SUPPLIED RECORDS section start
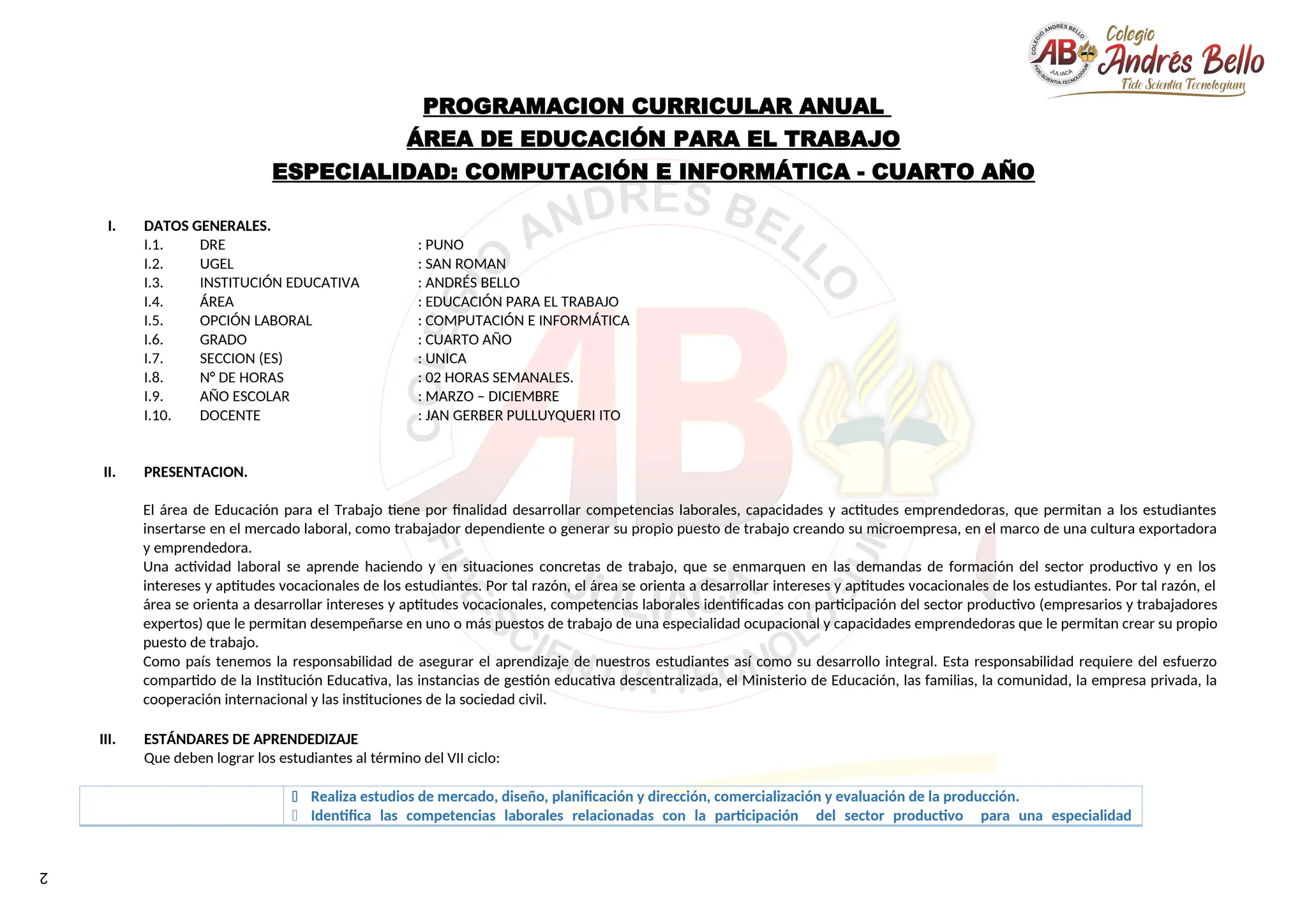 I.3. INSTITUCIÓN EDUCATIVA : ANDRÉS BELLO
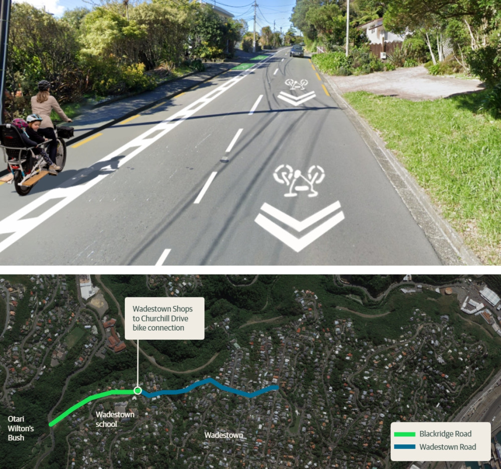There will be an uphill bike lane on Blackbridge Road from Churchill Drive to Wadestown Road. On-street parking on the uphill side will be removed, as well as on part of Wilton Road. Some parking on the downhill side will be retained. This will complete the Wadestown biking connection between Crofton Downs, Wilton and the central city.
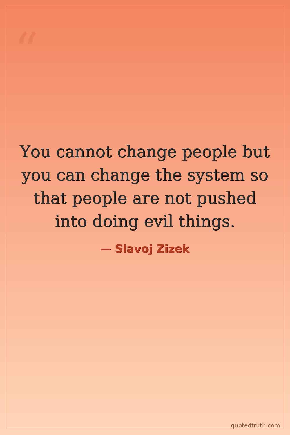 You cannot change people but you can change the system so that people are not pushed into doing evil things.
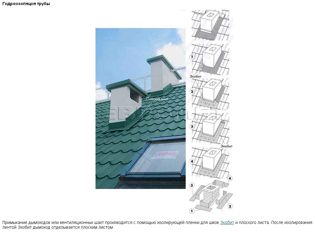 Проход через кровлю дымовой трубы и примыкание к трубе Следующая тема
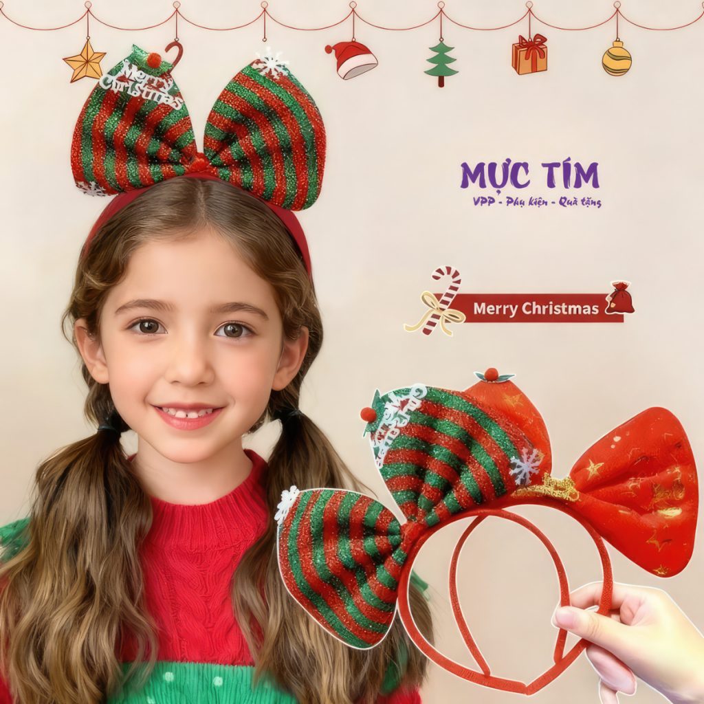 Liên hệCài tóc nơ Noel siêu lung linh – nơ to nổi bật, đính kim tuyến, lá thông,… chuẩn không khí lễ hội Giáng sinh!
SUPPLIED RECORDS section end
**WORK INSTRUCTION:** Output a verbatim copy of all entries above; no pictures go in it.

**WRITTEN SOLUTION:**
 I.3. INSTITUCIÓN EDUCATIVA : ANDRÉS BELLO
There will be an uphill bike lane on Blackbridge Road from Churchill Drive to Wadestown Road. On-street parking on the uphill side will be removed, as well as on part of Wilton Road. Some parking on the downhill side will be retained. This will complete the Wadestown biking connection between Crofton Downs, Wilton and the central city.
 You cannot change people but you can change the system so that people are not pushed into doing evil things.
 Проход через кровлю дымовой трубы и примыкание к трубе Следующая тема
 Liên hệCài tóc nơ Noel siêu lung linh – nơ to nổi bật, đính kim tuyến, lá thông,… chuẩn không khí lễ hội Giáng sinh!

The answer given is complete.